Thread: Re: [kvm-devel] [PATCH 0 of 9] mmu notifier #v12 (Page 2)

SourceForge Headquarters 1320 Columbia Street Suite 310 San Diego, CA 92101 +1 (858) 422-6466

This is a followup of the locking of the mmu-notifier methods against
the secondary-mmu page fault, each driver can implement differently
but this is to show an example of what I planned for KVM, others may
follow closely if they find this useful. I post this as pseudocode to
hide 99% of kvm internal complexities and to focus only on the
locking. The KVM locking scheme should be something on these lines:

    invalidate_range_start {
	spin_lock(&kvm->mmu_lock);

	kvm->invalidate_range_count++;
	rmap-invalidate of sptes in range

	spin_unlock(&kvm->mmu_lock)
    }

    invalidate_range_end {
	spin_lock(&kvm->mmu_lock);

	kvm->invalidate_range_count--;

	spin_unlock(&kvm->mmu_lock)
    }

   invalidate_page {
	spin_lock(&kvm->mmu_lock);

	write_seqlock()
	rmap-invalidate of sptes of page
	write_sequnlock()

	spin_unlock(&kvm->mmu_lock)
   }

   kvm_page_fault {
      seq = read_seqlock()
      get_user_pages() (aka gfn_to_pfn() in kvm terms)

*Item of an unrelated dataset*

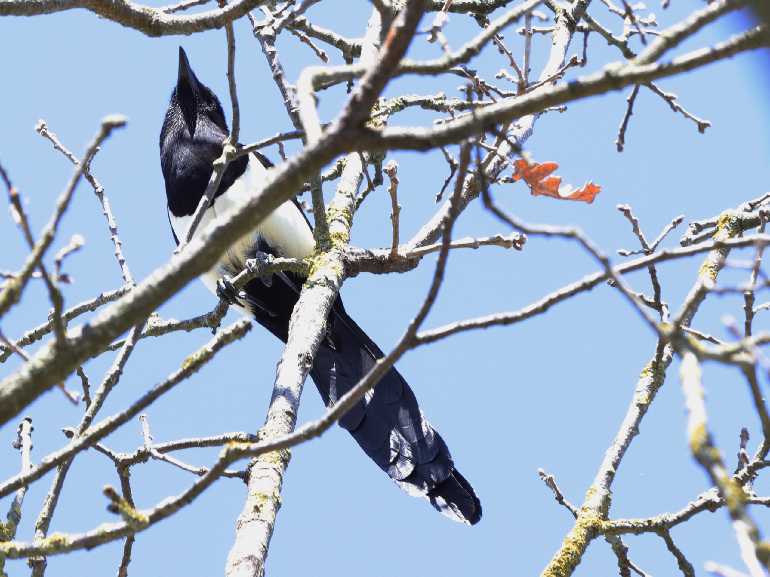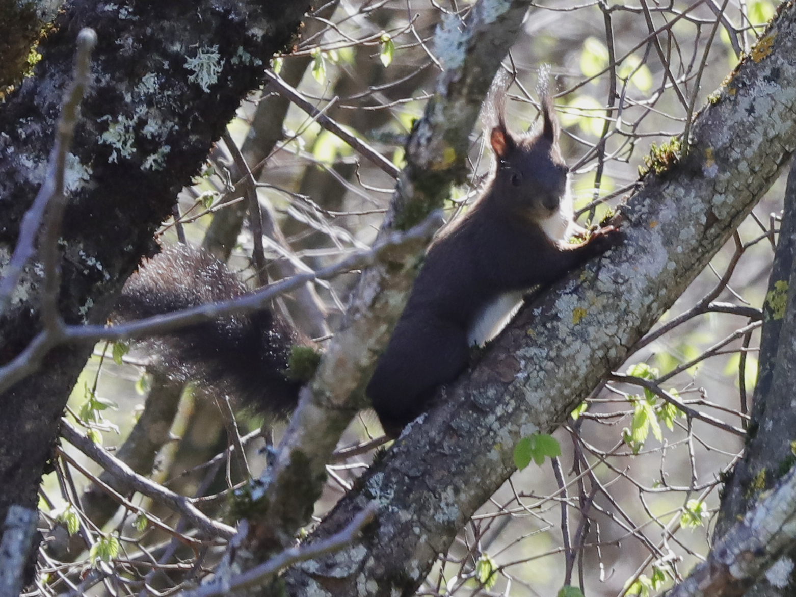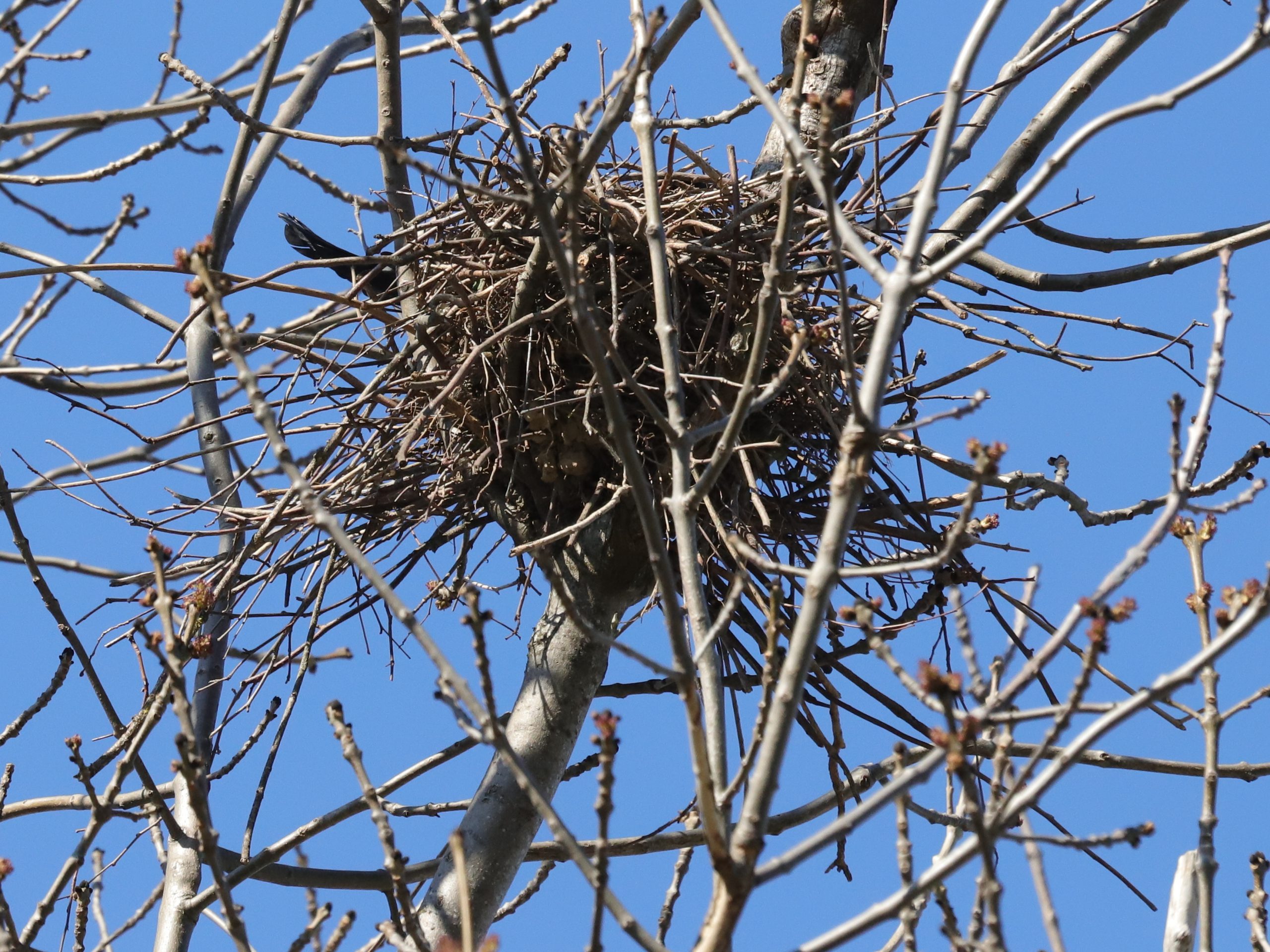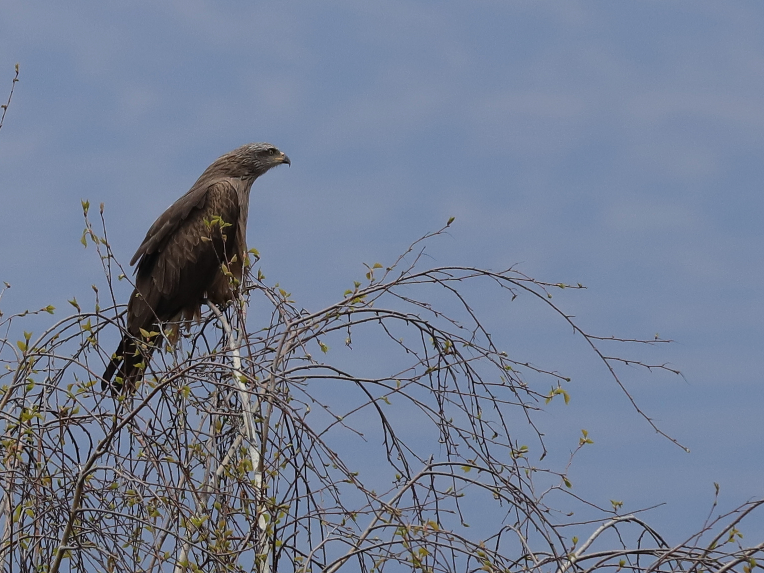 Les Milans noirs estivants de Lugrin sont visibles dans leurs nids pendant quelques jours encore, tant que les arbres sont dépourvus de feuilles. Il y a deux nids, tous deux dans des châtaigniers. Le premier est visible d’en dessous, on ne voit donc que la tête de l’oiseau qui couve. Le deuxième nid est visible par en dessus car il se situe en contrebas d’une route. Les objets clairs que l’on voit sur le côté de l’oiseau sont des morceaux de plastique, censés embellir le nid …

      spin_lock(&kvm->mmu_lock)
      if (seq_trylock(seq) || kvm->invalidate_range_count)
      	 goto out; /* reply page fault */
      map sptes and build rmap
 out:
      spin_unlock(&kvm->mmu_lock)
   }

This will allow to remove the page pinning from KVM. I'd appreciate if
you Robin and Christoph can have a second look and pinpoint any
potential issue in my plan.

invalidate_page as you can notice, allows to decrease the fixed cost
overhead from all VM code that works with a single page and where
freeing the page _after_ calling invalidate_page is zero runtime/tlb
cost. We need invalidate_range_begin/end because when we work on
multiple pages, we can reduce cpu utilization and avoid many tlb
flushes by holding off the kvm page fault when we work on the range.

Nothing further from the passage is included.